§ **Work to complete**
Since the listing below shows pictures, leave them out and write out exactly the lines from the line with "Bring humour and" to the line with "Яндекс Директ сразу", both included, and no others.

§ **Provided records**
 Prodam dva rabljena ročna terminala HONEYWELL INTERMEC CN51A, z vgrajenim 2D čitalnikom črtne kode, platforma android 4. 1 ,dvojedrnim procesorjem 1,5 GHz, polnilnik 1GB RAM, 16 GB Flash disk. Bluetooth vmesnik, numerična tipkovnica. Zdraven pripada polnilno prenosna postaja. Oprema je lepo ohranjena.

...

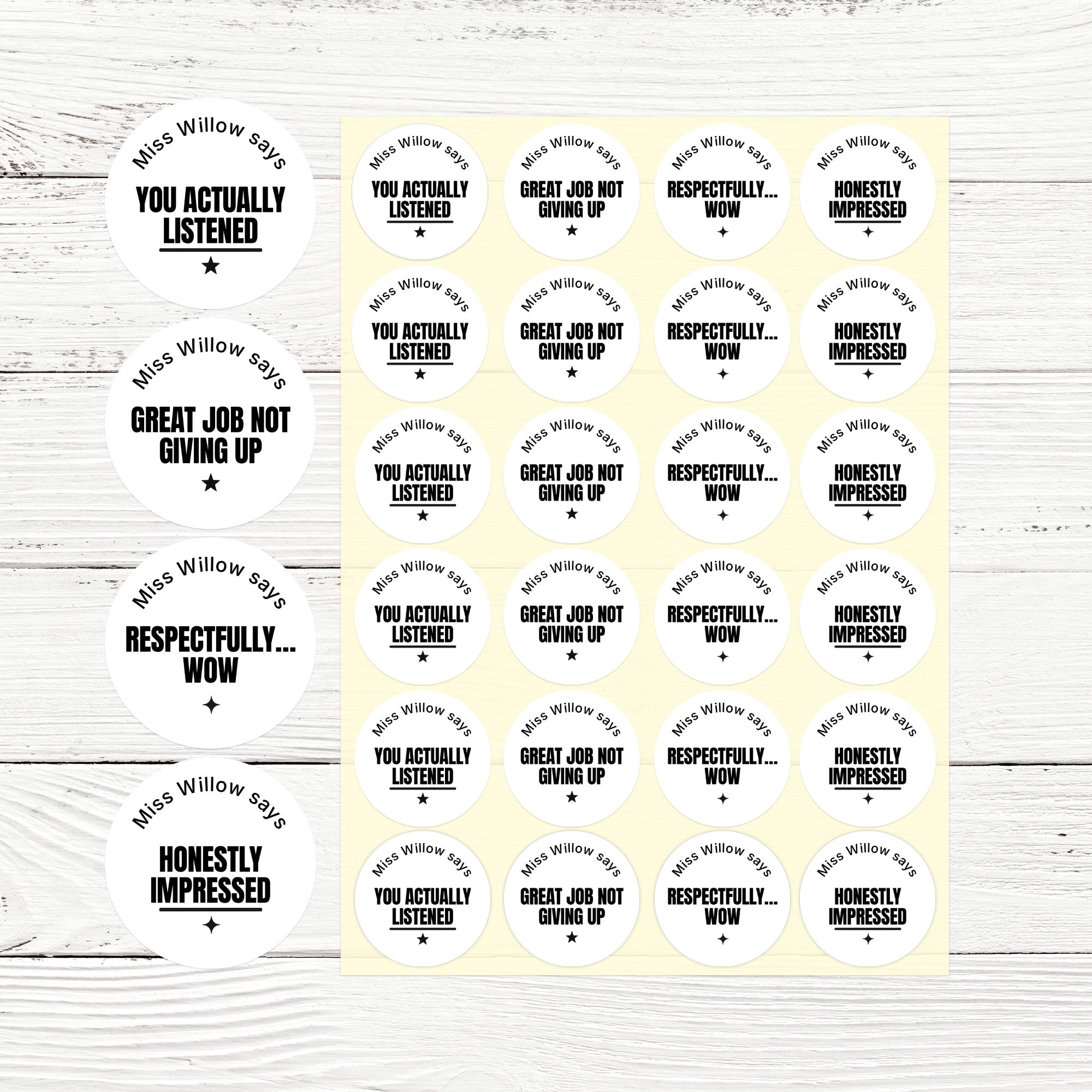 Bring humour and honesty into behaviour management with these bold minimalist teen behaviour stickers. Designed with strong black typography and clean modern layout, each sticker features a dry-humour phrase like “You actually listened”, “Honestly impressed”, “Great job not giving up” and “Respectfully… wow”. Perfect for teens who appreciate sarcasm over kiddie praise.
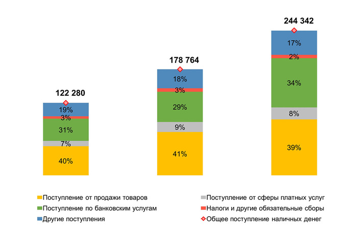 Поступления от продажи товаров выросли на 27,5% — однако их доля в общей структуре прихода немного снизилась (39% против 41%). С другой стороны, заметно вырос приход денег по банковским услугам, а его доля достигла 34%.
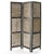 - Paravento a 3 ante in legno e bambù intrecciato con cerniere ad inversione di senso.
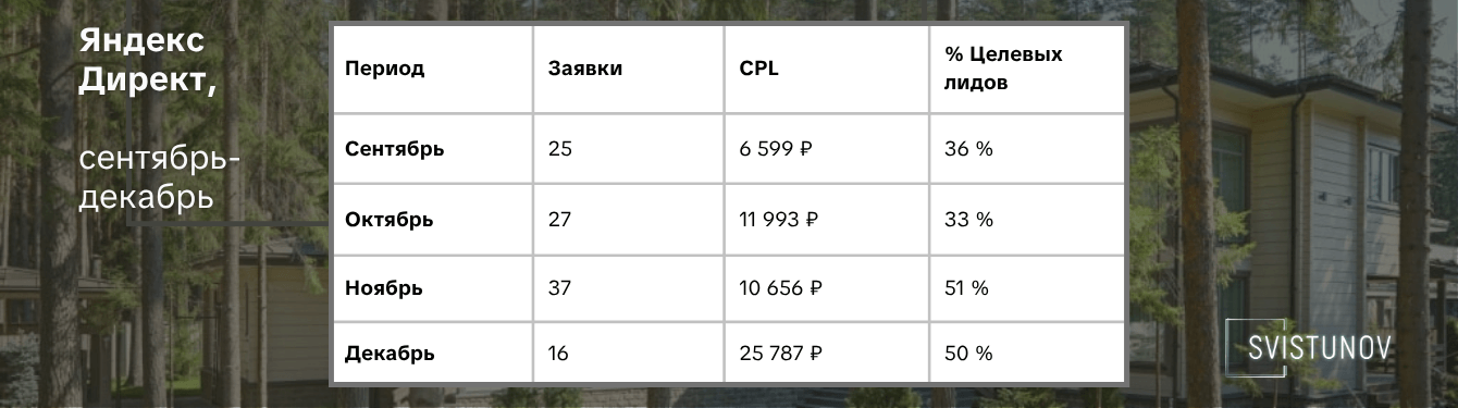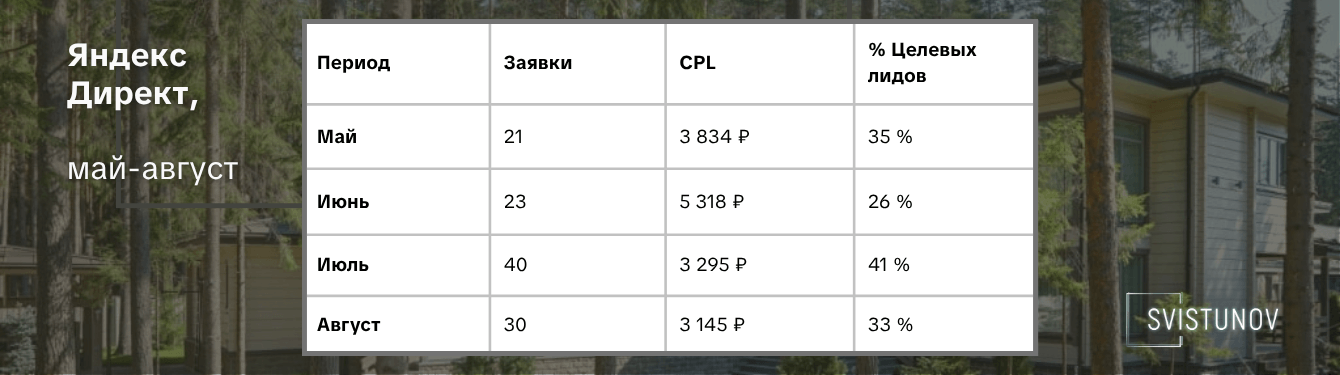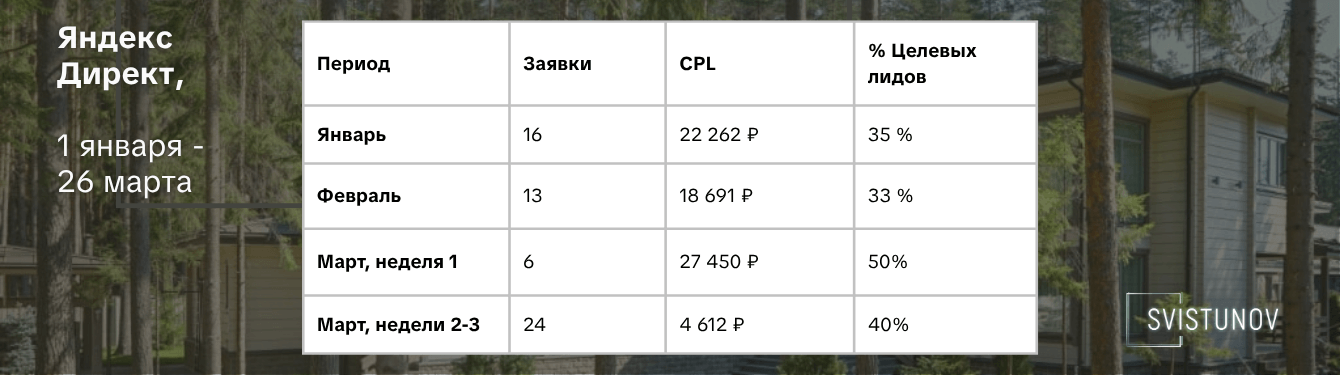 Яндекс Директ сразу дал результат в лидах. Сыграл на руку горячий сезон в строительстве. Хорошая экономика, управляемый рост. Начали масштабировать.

§ **Output below**
 Bring humour and honesty into behaviour management with these bold minimalist teen behaviour stickers. Designed with strong black typography and clean modern layout, each sticker features a dry-humour phrase like “You actually listened”, “Honestly impressed”, “Great job not giving up” and “Respectfully… wow”. Perfect for teens who appreciate sarcasm over kiddie praise.
 Поступления от продажи товаров выросли на 27,5% — однако их доля в общей структуре прихода немного снизилась (39% против 41%). С другой стороны, заметно вырос приход денег по банковским услугам, а его доля достигла 34%.
 - Paravento a 3 ante in legno e bambù intrecciato con cerniere ad inversione di senso.
 Яндекс Директ сразу дал результат в лидах. Сыграл на руку горячий сезон в строительстве. Хорошая экономика, управляемый рост. Начали масштабировать.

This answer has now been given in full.